Q1: Comments to author(s). First provide a summary of the paper, and then address the following criteria: Quality, clarity, originality and significance. (For detailed reviewing guidelines, see http://nips.cc/PaperInformation/ReviewerInstructions)


I have one concern with the fact that in the proof of Theorem

2, lambda and L are set to depend on d. What are the

implications of this choice? Is it a realistic choice?

For a potentially useful additional citation, the following

paper considers the same loss as the one you have in (4), and

gives an efficient algorithm to globally solve it:

"Scalable Metric Learning for Co-embedding", Mirzazadeh et

al., 2015, ECML
Q2: Please summarize your review in 1-2 sentences
This paper is clearly written and provides novel

theoretical insights into the sample complexity of metric

learning and improvements from added regularization. In

addition to carefully exploring the topic for both general and

specific cases theoretically, the empirical results are

similarly methodical but compact and further reinforce

these properties on real datasets.

Submitted by Assigned_Reviewer_2

Q1: Comments to author(s). First provide a summary of the paper, and then address the following criteria: Quality, clarity, originality and significance. (For detailed reviewing guidelines, see http://nips.cc/PaperInformation/ReviewerInstructions)
This work proposes an optimization criteria that automatically adapts to the intrinsic complexity of the underlying dataset. Thus this method de-emphasize uninformative or weakly informative features and concentrates more on the relevant ones.

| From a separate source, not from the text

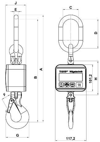 | Kranhakenwaage Modell TKL 12,0 mit Digitalanzeige | Nennlast 12000 kg Meßbereich 0 - 12,0 t, Gewicht mit Anschlagmittel 20,0 kg | 0,00 EUR |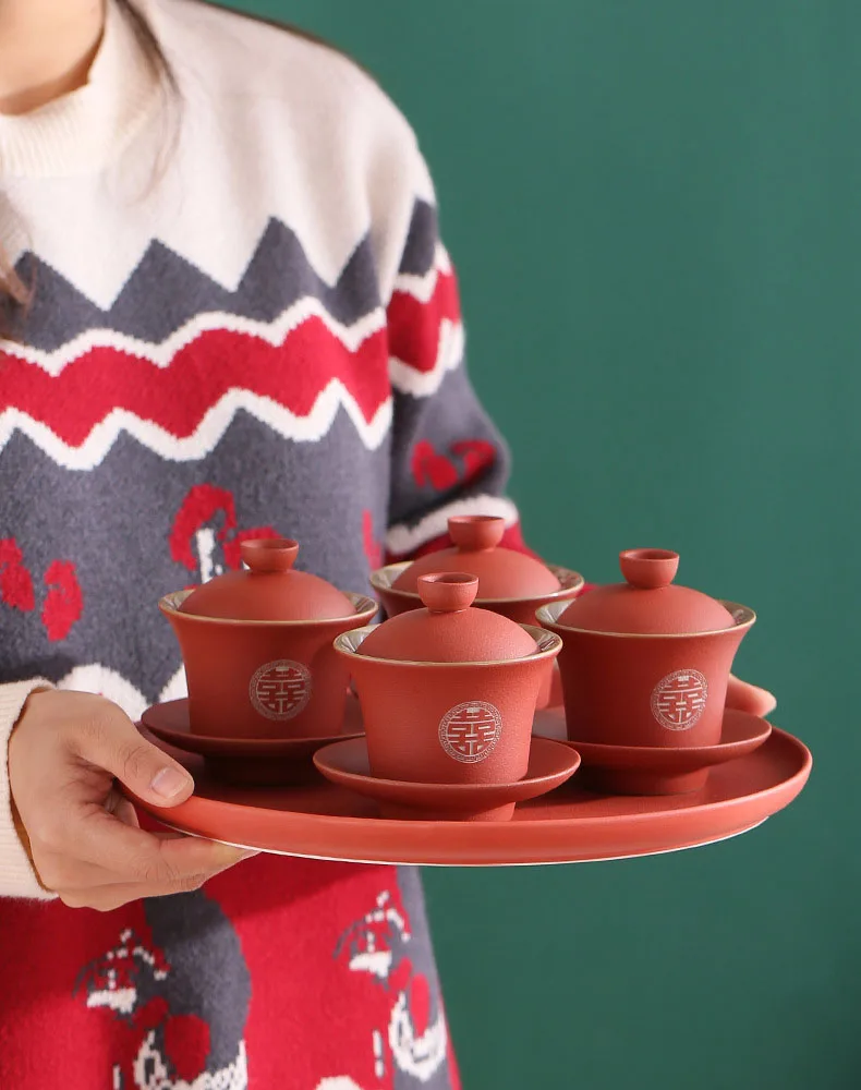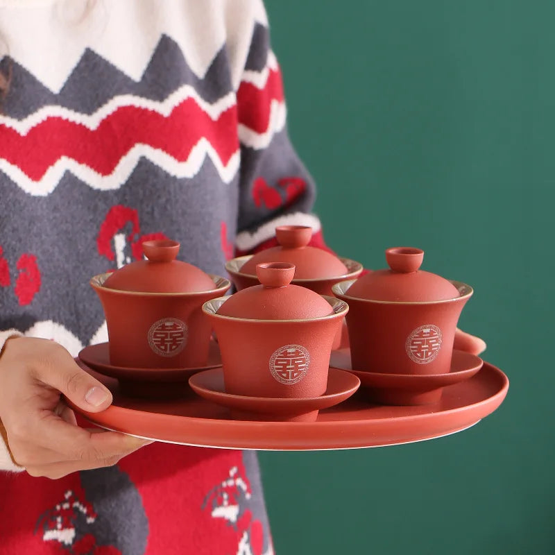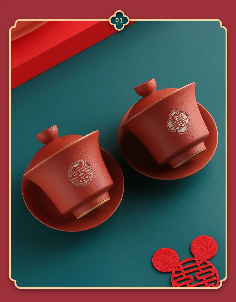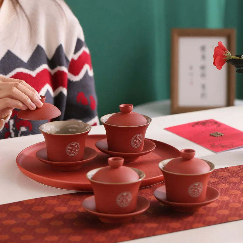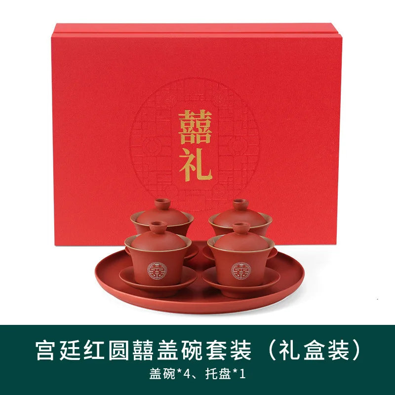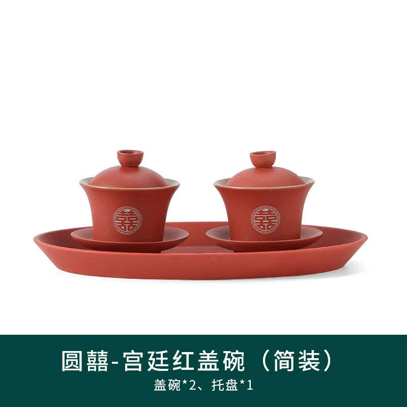 Ceramic Tea Cup Set, Wedding Set, Chinese Palace Style, Wedding Modification Cover Bowl, Wedding Gifts for New Couples

The paper is well written. The technical part is clear. It addresses an important issue in machine learning. This method seems novel to me although it might be even better to find the noise in the dataset and discard those items. Finally the experiments confirm their claim.
Q2: Please summarize your review in 1-2 sentences
This work presents a novel method that adapts to the intrinsic complexity of dataset. The author show theoretically and empirically the better generalization of the algorithm.

Submitted by Assigned_Reviewer_3

Q1: Comments to author(s). First provide a summary of the paper, and then address the following criteria: Quality, clarity, originality and significance. (For detailed reviewing guidelines, see http://nips.cc/PaperInformation/ReviewerInstructions)
This is the cleanest piece of work I have seen on sample complexity for metric learning and, as noted by the authors, presents several advantages over related work in this area.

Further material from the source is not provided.